Pero Tom no quiso levantarse y lo miraba con expresión suplicante.

—Bien, no volveré a ir a ninguna de sus malditas fiestas, Tom —dijo St. Clare—; te doy mi palabra. No sé por qué no las he dejado hace tiempo. Siempre las he despreciado, y a mí mismo por asistir; así que enjúgate las lágrimas, Tom, y ve a hacer tu trabajo. Vamos, vamos —añadió—, no me bendigas. No soy tan maravilloso —dijo, empujando suavemente a Tom hacia la puerta—. Te doy mi palabra de honor, Tom, que no me volverás a ver así —dijo; y Tom se marchó, secándose los ojos, con gran satisfacción.

«Y cumpliré la palabra que le he dado, además», se dijo St. Clare, cuando hubo cerrado la puerta.

Y así lo hizo St. Clare, pues el burdo sensualismo, bajo cualquiera de sus manifestaciones, no iba con su naturaleza.

Pero, ¿quién va a contamos los problemas variopintos que atormentaban durante todo este tiempo a nuestra amiga, la señorita Ophelia, que había comenzado a desempeñar las labores de un ama de casa sureña?

Hay muchísimas diferencias entre los criados de las diferentes casas del Sur, según el carácter y la capacidad del ama que les educa.

Tanto en el Sur como en el Norte, hay mujeres que tienen un extraordinario don de mando y talento para la educación.
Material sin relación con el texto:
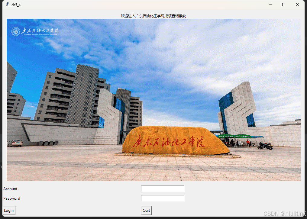 msg="欢迎进入广东石油化工学院成绩查询系统" sseGif=PhotoImage(file="sse1.gif") #Logo图像文件 logo=Label(root, image=sseGif,text=msg,compound=BOTTOM)创建了一个
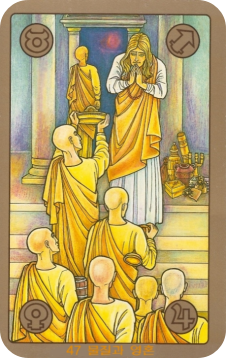카드를 지배하는 황금색은 물질적 풍요와 영적인 빛을 동시에 상징하며, 푸른색과 붉은색의 대조는 영성과 현실, 혹은 이상과 고뇌 사이의 갈등을 나타냅니다. 수도승들의 옷은 순수함과 헌신을, 뒤편의 붉은 달(혹은 태양)은 심오한 깨달음을 암시합니다.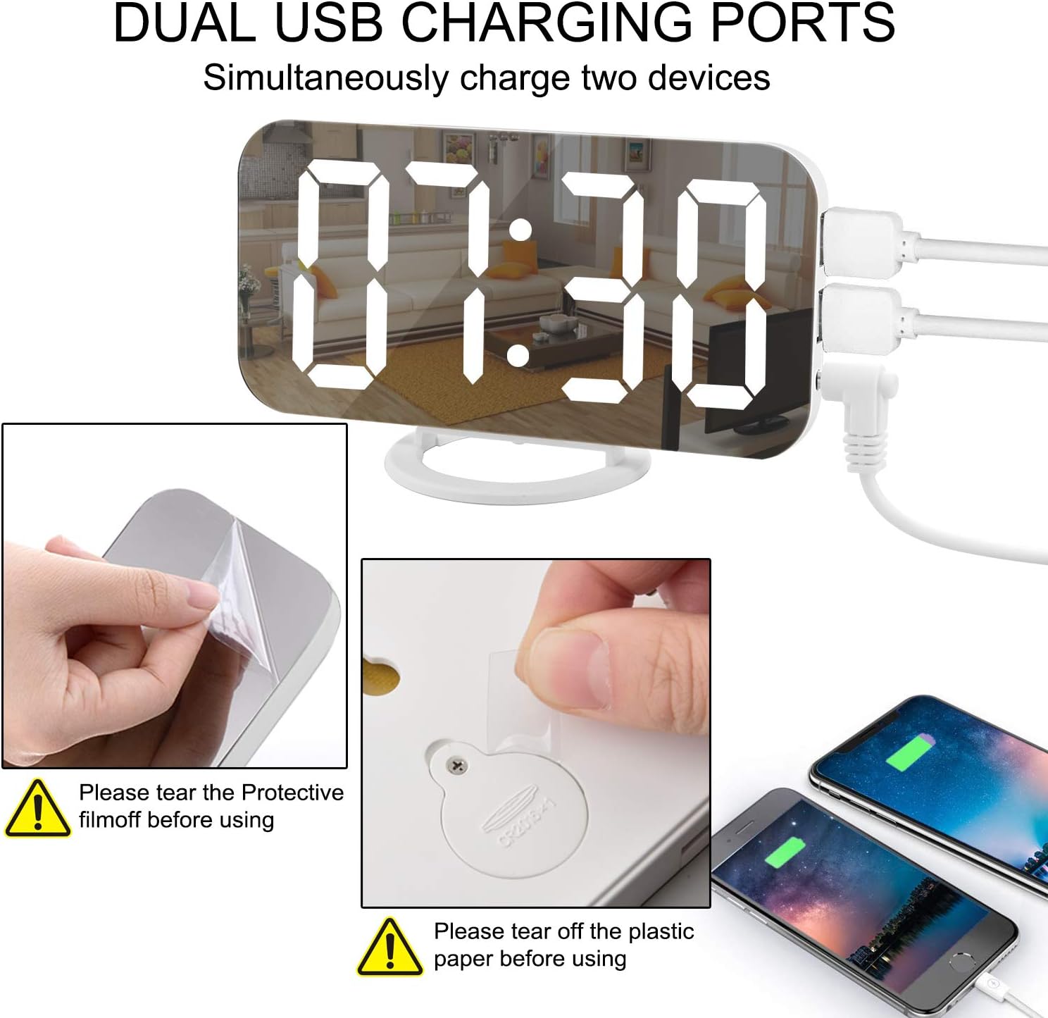 SZELAM Digital Clock Large Display, LED Electric Alarm Clocks Mirror Surface for Makeup with Diming Mode, 3 Levels Brightness, Dual USB Ports Modern Decoration for Home Bedroom Decor-White (001)

Estas mujeres tienen la capacidad de someter a su voluntad y organizar sistemática y armoniosamente, aparentemente sin dificultad ni severidad, a los diversos miembros de su hacienda, regulando sus idiosincrasias, y equilibrando las deficiencias de uno con los excesos de otro para crear un régimen armonioso y ordenado.
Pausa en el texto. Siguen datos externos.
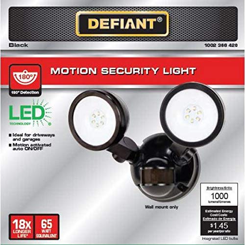 Defiant 180 Degree Black Motion Activated Outdoor Integrated LED Twin Head Flood Light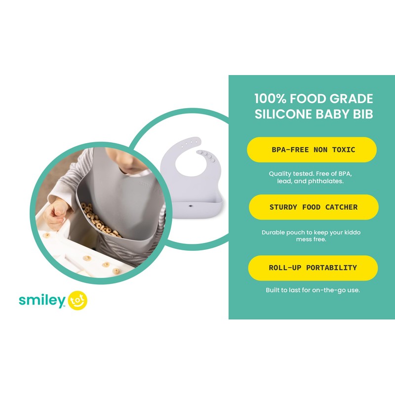 SmileyTots silicone baby bib is made with a durable food catcher. Free of BPA, phthalates, and lead. SmileyTot bibs are made with 100% silicone that is dishwasher and microwave friendly. SmileyTot silicone baby bibs are designed with a roll-up feature for easy and secure portability. This waterproof and adjustable baby bib keeps your baby or toddler clean and without mess!

De esta clase de amas de casa era la señora Shelby, a la que ya hemos descrito, y a quien nuestros lectores quizás recuerden haber conocido. Si no hay muchas en el Sur, es porque no hay muchas en el mundo. Se encuentran en el Sur como en cualquier otra parte y, cuando existen, tienen en ese estado peculiar una ocasión muy brillante para exhibir su talento doméstico.

De esta clase de amas de casa no era Marie St. Clare, ni lo había sido su madre. Era indolente e infantil, desorganizada e imprevisora, y era de esperar que los criados instruidos bajo su mandato pecaran de lo mismo; había descrito a la señorita Ophelia con gran exactitud la confusión que iba a encontrar en la casa, aunque no la había atribuido a su verdadera causa.
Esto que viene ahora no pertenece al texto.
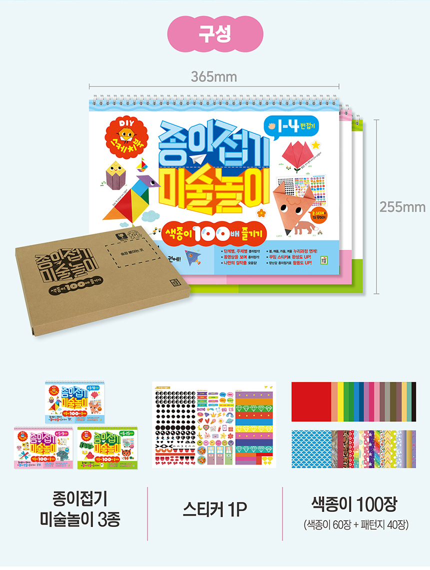 🌈 종이접기 미술놀이 3종 + 스티커 1P + 색종이 100장 : 21,000원

En la primera mañana de su mandato, la señorita Ophelia se levantó a las cuatro; después de ocuparse de todos los arreglos de su propio cuarto, tal como venía haciendo desde su llegada a la casa, con gran asombro de la camarera, se dispuso a iniciar el asalto de los armarios y despensas de la casa, cuyas llaves obraban en su poder.

La despensa, el armario de la ropa blanca, la alacena de la porcelana, la cocina y la bodega se sometieron todos a una formidable revista aquel día. Tantas cosas ocultas en la oscuridad vieron la luz que se alarmaron todos los principales y dignatarios de la cocina y el cuerpo de casa y provocaron muchos comentarios y murmullos entre los dirigentes domésticos sobre «estas damas del Norte».

La vieja Dinah, cocinera jefe y mandataria principal del departamento de la cocina, montó en cólera por lo que consideraba una invasión de sus privilegios. Ningún barón feudal de los tiempos de la Magna Carta hubiera podido sentirse más ofendido por las incursiones de la corona.

Dinah era un personaje por derecho propio, y sería injusto para con el lector no hacerle un pequeño retrato de ella. Era una cocinera nata, tanto como la tía Chloe, ya que la cocina es un don indígena de la raza africana; pero Chloe era una cocinera formada y metódica, que se regía por un orden bastante estricto, mientras que Dinah era un genio autodidacta y, como todos los genios, era absolutamente testaruda, tajante y caprichosa.

Como cierta clase de filósofo moderno, Dinah despreciaba la lógica y la razón bajo todas sus formas y se refugiaba siempre en una seguridad intuitiva, en la que se encontraba totalmente inexpugnable. Ningún talento, autoridad o explicación podía hacerle creer que otra manera de hacer era mejor que la suya, o que su forma de proceder en cualquier asunto podía modificarse lo más mínimo. Esto era algo que había consentido su antigua ama, la madre de Marie; y a «la señorita Marie», como Dinah llamaba siempre a su joven ama, incluso después de casada, le resultaba más fácil ceder que luchar, por lo que Dinah era la reina absoluta. Esto era más fácil puesto que era maestra en el arte diplomático que une el servilismo más exagerado con la inflexibilidad más extrema.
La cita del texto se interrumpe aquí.